Task data:
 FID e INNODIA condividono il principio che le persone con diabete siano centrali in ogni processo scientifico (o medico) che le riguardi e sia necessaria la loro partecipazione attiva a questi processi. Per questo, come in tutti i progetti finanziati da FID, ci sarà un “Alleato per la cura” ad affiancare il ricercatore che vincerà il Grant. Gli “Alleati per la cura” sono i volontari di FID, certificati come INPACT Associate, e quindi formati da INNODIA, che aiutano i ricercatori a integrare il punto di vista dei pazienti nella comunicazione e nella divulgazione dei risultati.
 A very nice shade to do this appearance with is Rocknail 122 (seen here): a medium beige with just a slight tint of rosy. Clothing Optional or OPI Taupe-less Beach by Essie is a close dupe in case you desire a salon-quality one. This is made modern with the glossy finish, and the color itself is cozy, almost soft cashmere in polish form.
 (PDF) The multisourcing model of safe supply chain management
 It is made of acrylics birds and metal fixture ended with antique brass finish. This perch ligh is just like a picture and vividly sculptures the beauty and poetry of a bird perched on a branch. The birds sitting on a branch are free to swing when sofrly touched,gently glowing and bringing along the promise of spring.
---
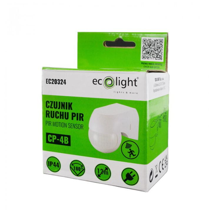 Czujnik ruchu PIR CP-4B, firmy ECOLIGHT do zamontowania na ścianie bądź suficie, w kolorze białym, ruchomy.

Exercise objective: Starting with the line with "A very nice" above and going on through the line with "It is made of", transcribe every line exactly, both ends included, and add nothing.

Answer section:
 A very nice shade to do this appearance with is Rocknail 122 (seen here): a medium beige with just a slight tint of rosy. Clothing Optional or OPI Taupe-less Beach by Essie is a close dupe in case you desire a salon-quality one. This is made modern with the glossy finish, and the color itself is cozy, almost soft cashmere in polish form.
 (PDF) The multisourcing model of safe supply chain management
 It is made of acrylics birds and metal fixture ended with antique brass finish. This perch ligh is just like a picture and vividly sculptures the beauty and poetry of a bird perched on a branch. The birds sitting on a branch are free to swing when sofrly touched,gently glowing and bringing along the promise of spring.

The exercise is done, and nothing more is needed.